An incompetent black-hat hacker who is unable to write his own tools is known as a script kiddie. The term expresses contempt, being meant to indicate that he is immature and only uses other people's "scriptss".

Hacker: Security expert

There is a third meaning which is a kind of fusion of the positive and pejorative senses of hacker. The term white hat hacker is often used to describe those who attempt to break into systems or networks in order to help the owners of the system by making them aware of security flaws, or to perform some other altruistic activity. Many such people are employed by computer security companies (such professionals are sometimes called sneakers).

White hat hackers often overlap with black hat depending on your perspective. The primary difference is that a white hat hacker claims to observe the hacker ethic. Like black hats, white hats are often intimately familiar with the internal details of security systems, and can delve into obscure machine code when needed to find a solution to a tricky problem without requiring support from a system manufacturer.

An example of a hack: Microsoft Windows ships with the ability to use cryptographic libraries built into the operating system. When shipped overseas this feature becomes nearly useless as the operating system will refuse to load cryptographic libraries that haven't been signed by Microsoft, and Microsoft will not sign a library unless the US Government authorizes it for export. This allows the US Government to maintain some perceived level of control over the use of strong cryptography beyond its borders.

While hunting through the symbol table of a beta release of Windows, a couple of overseas hackers managed to find a second signing key in the Microsoft binaries. That is without disabling the libraries that are included with Windows (even overseas) these individuals learned of a way to trick the operating system into loading a library that hadn't been signed by Microsoft, thus enabling the functionality which had been lost to non-US users.
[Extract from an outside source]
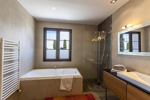 Vila má 4 ložnice, 3 koupelny, ložní prádlo, ručníky, TV se satelitními programy, kuchyň s kompletním vybavením a terasu s výhledem na moře. Koupelna je vybavená sprchou, vanou a fénem.

Whether this is good or bad may depend on whether you respect the letter of the law, but is considered by some in the computing community to be a white hat type of activity. Some use the term grey hat to describe someone on the borderline between black and white.

Jargon File definition

The following is the definition given by the most recent edition of the Jargon File (a dictionary of hacker jargon), which emphasizes the positive sense of "hacker". The definitions in this dictionary were not made through research into common usage, but reflect to some extent the opinions of its editors. Hence, the following is accepted by some but not all of the hacker community.
hacker n.

[originally, someone who makes furniture with an axe]

  1. A person who enjoys exploring the details of programmable systems and how to stretch their capabilities, as opposed to most users, who prefer to learn only the minimum necessary.
  2. One who programs enthusiastically (even obsessively) or who enjoys programming rather than just theorizing about programming.
  3. A person capable of appreciating hack value.
  4. A person who is good at programming quickly.
  5. An expert at a particular program, or one who frequently does work using it or on it; as in `a Unix hacker'. (Definitions 1 through 5 are correlated, and people who fit them congregate.)
  6. An expert or enthusiast of any kind. One might be an astronomy hacker, for example.
  7. One who enjoys the intellectual challenge of creatively overcoming or circumventing limitations.
  8. [deprecated] A malicious meddler who tries to discover sensitive information by poking around. Hence `password hacker', `network hacker'. The correct term for this sense is cracker.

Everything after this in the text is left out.